Biz arkada yan yana otururken şoför de yerini almıştı ve arabayı sürmeye başladı. Bakışlarımı bir an olsun dışarıdan çekmiyordum. Gergindim ve dilimi tutamayıp yanlış bir şey demekten ve bu adamın yine delirmesini istemiyordum. Biran önce bu davet bitsin ve bir daha bu adamın yüzünü görmek istemiyordum. Zaten halen neden bu davete gitmek zorunda olduğumu da bilmiyordum. Aptal bir borç yüzünden bunları yaşıyor olamazdım. Arada onun bakışlarını üzerinde hissediyordum ama yine dönüp bakmıyordum. Zaten sessiz geçen yolculuğun sonunda nihayet araba durmuştu. Ben geldiğimiz yere bakarken Demir'in sesini duymuştum. "Araba dan inerken kafanı yerden kaldırma etrafta magazinciler var. yüzünü saklamaya çalış" dediğin de gergin olan ben daha fazla gerilemiştim. Nasıl magazincileri düşünememiştim. Sonuçta tanınan bir adam var ve illaki etrafta magazinciler sürekli vardır. Ama ben şuan çıkamazdım çünkü eğer magazincilerden birine yakalanıp ve resmimi çekerlerse bu benim ölüm sebebim olurdu. Babam beni öldürürdü.
"Magazinciler mi? Olmaz ben inemem. Fotoğrafımızı çekerlerse ve babam bunu televizyonda görürse, hiç hoş karşılamaz." diye direkt söyledim. Lafı şuan dolandırmaya gerek yoktu.
Çünkü sebebini söylemeden gelmem dersen inada zorla götürürdü.
Bir şey söylemeden öylece yüzüme baktı. Bir şey düşünüyor gibiydi, yada düşünmüyor. Boş gözlerle bakıyordu ve ben anlayamıyordum onu. "Korkma ben gerekli tedbirleri aldırmıştım" sakin bir sesle söyleyip ve daha sonra benden olan bakışlarını ön camdan dışarıya çevirdi.
"Çekemezler fotoğrafını sadece tedbir amaçlı sana başını kaldırma diyorum" diye az önceki sakin sesi anında sinir almıştı... bunu nasıl yapıyor? Ya da bir insan gerçekten bu kadar dengesiz olabilir mi? Bir sakin, bir sinirli oluyordu.
Bu dengesiz haline çok takınamaya çalışarak söylediğini dikkate aldım.
Önlem aldığını söylemişti ve inanıyordum.

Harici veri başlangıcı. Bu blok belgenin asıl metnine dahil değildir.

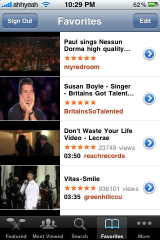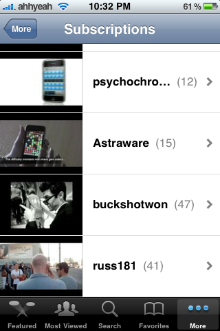 When viewing lists of videos, such as the Most Viewed tab, the title of videos is now allowed two lines of text instead of one. Also, the Bookmarks tab is gone. It is no longer needed now that you can log in and access your subscriptions, playlists and favorites. Overall the app seemed a bit faster along with the new features. Now we just need the ability to record videos from our iPhone and send them right to YouTube!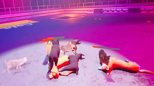在游戏中,玩家将随机选择队伍,成为猫队或狗队的一员,并操纵其中的一只动物进行战斗。玩家需要配合己方的队友进行战斗,操作自己的动物击败对方队伍。当玩家操作的动物阵亡后,视角会自动切换到随机一个队友的视角,让玩家体验不同的战斗视角和策略。游戏中有7种狗和10种猫,游戏开始时会随机选取5种进行对战,为每一局游戏带来无限可能性和刺激感。当一方全部阵亡后,另一方获得胜利,游戏结束。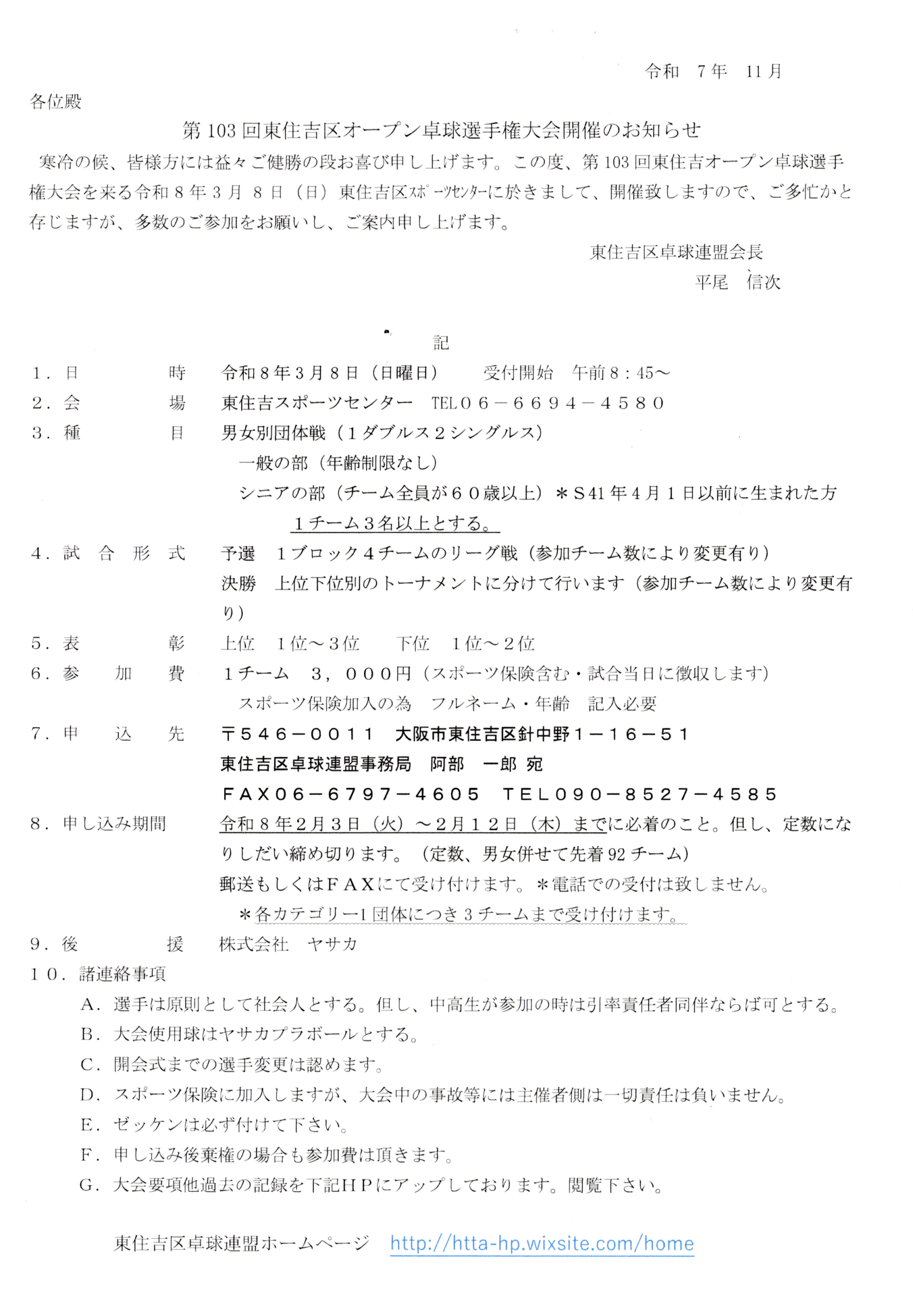 2026年1月9日 / 最終更新日時 : 2026年1月9日 wakasugi 大会予定 東住吉区オープン卓球大会 男女別団体戦 令和8年3月8日 FacebookX コメントを残す コメントをキャンセルメールアドレスが公開されることはありません。 ※ が付いている欄は必須項目ですコメント ※ 名前 ※ メール ※ サイト 次回のコメントで使用するためブラウザーに自分の名前、メールアドレス、サイトを保存する。 上に表示された文字を入力してください。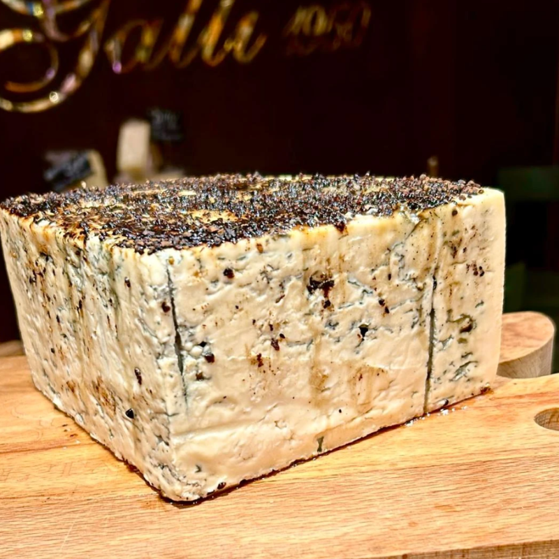 Erborinato veneto di latte vaccino, affinato alla birra ambrata e al malto d'orzo. Strepitoso l'abbinamento con la nostra confettura di cipolle rosse e arance.

Kötü biri, cani biri olsa da bir kez bile yalan söylediğini görmemiştim ve bu konuda yalan söyleyeceğine inanmıyordum. Tamam anlamında başımı salladığımda oturduğu tarafın kapısını açtığın da, benim oturduğum kapıyı da şoför açmıştı. İkimiz yana yana büyük ve oldukça lüks bir otele giriş yaptık. Tıpkı kendimi şuan bir kukla gibi hissediyordum. Her şeyimi Demir'e göre ayarlanmış bir kukla gibi. O durunca duruyordum o yürüyünce yürüyordum. Tamamen ona ayak uyduruyordum.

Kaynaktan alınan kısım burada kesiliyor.